§ DATASET EXTRACT
* * * * *
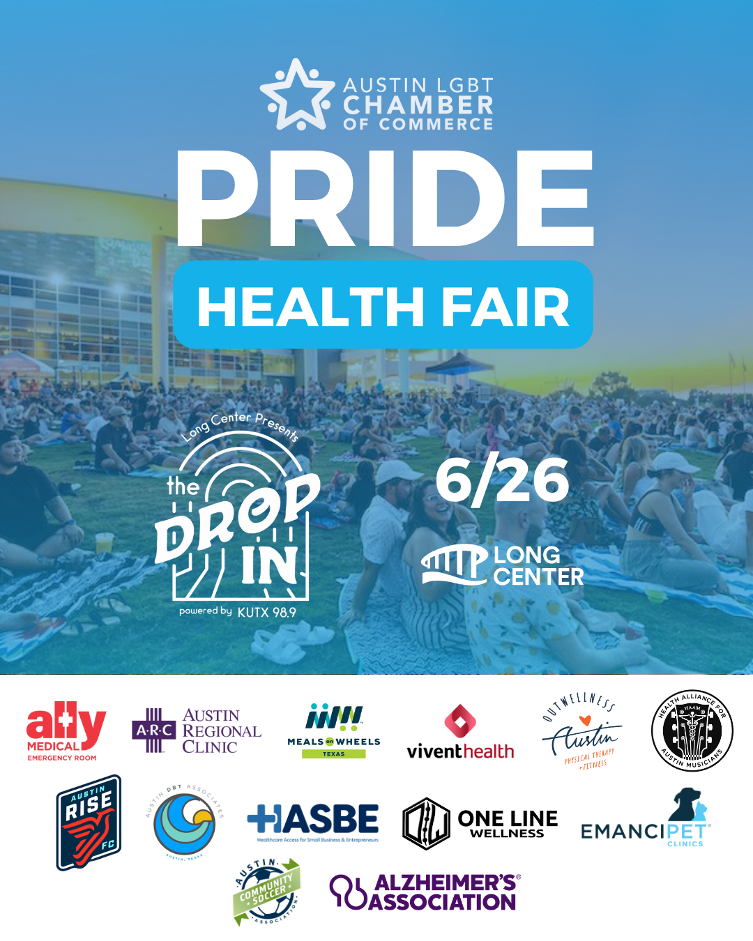 Join the Austin LGBT Chamber of Commerce’s Health & Wellness Committee on Wednesday, June 26th at the iconic Long Center for a special Pride in Health Fair during The Drop-In, Austin’s beloved free outdoor concert series!
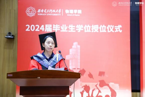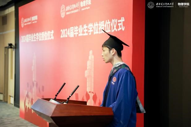 黄军荣书记宣读了2024届毕业生表彰决定及员工联络使者聘任决定,他叮嘱2024届毕业生们,要铭记母校光荣传统,传承西电校训,与母校保持密切联系。
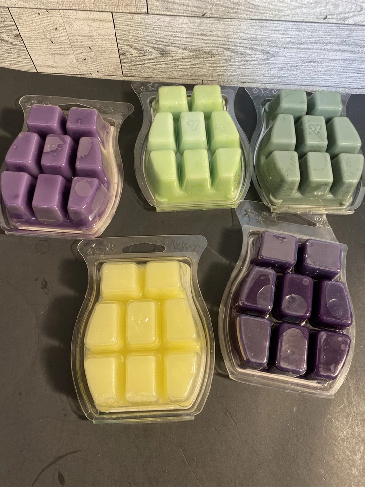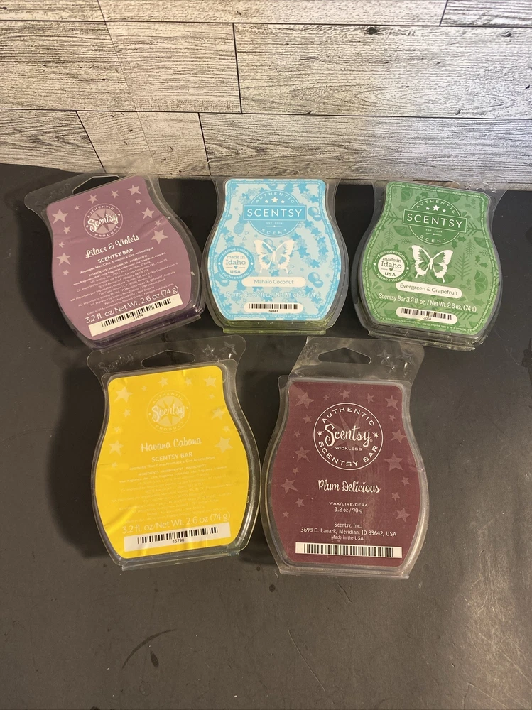 Enhance the ambiance of your space and indulge in the captivating fragrance of these Scentsy wax melts. This lot includes five assorted and mixed scents that offer an alluring Mediterranean vibe. The wax melts are made with high-quality wax and are perfect for aromatherapy and deodorizing any room. Measuring at 4.5 inches in length, 4.5 inches in height, and 3.5 inches in width, these small-sized wax melts come in a pack of nine. With slow-burning and odor-eliminating features, these wax melts are handcrafted to perfection. They are ideal for any occasion and are designed for use in any device installation area powered by a wall plug-in. The burning time of these wax melts is several hours, and they are made from high-quality wax with no noise level or humidity control. Order now and experience the captivating aroma of Scentsy wax melts today! All retired scents according to Scentsy website. They are: Havana Cabana, Evergreen & Grapefruit, Plum Delicious ( has part of package broken) Lilacs &Violets and Mahalo Coconut.
* * * * *
§ TASK OBJECTIVE
Please retype the whole of the data precisely, omitting pictures.

§ RESULT OF THIS TASK
 Join the Austin LGBT Chamber of Commerce’s Health & Wellness Committee on Wednesday, June 26th at the iconic Long Center for a special Pride in Health Fair during The Drop-In, Austin’s beloved free outdoor concert series!
 黄军荣书记宣读了2024届毕业生表彰决定及员工联络使者聘任决定,他叮嘱2024届毕业生们,要铭记母校光荣传统,传承西电校训,与母校保持密切联系。
 Enhance the ambiance of your space and indulge in the captivating fragrance of these Scentsy wax melts. This lot includes five assorted and mixed scents that offer an alluring Mediterranean vibe. The wax melts are made with high-quality wax and are perfect for aromatherapy and deodorizing any room. Measuring at 4.5 inches in length, 4.5 inches in height, and 3.5 inches in width, these small-sized wax melts come in a pack of nine. With slow-burning and odor-eliminating features, these wax melts are handcrafted to perfection. They are ideal for any occasion and are designed for use in any device installation area powered by a wall plug-in. The burning time of these wax melts is several hours, and they are made from high-quality wax with no noise level or humidity control. Order now and experience the captivating aroma of Scentsy wax melts today! All retired scents according to Scentsy website. They are: Havana Cabana, Evergreen & Grapefruit, Plum Delicious ( has part of package broken) Lilacs &Violets and Mahalo Coconut.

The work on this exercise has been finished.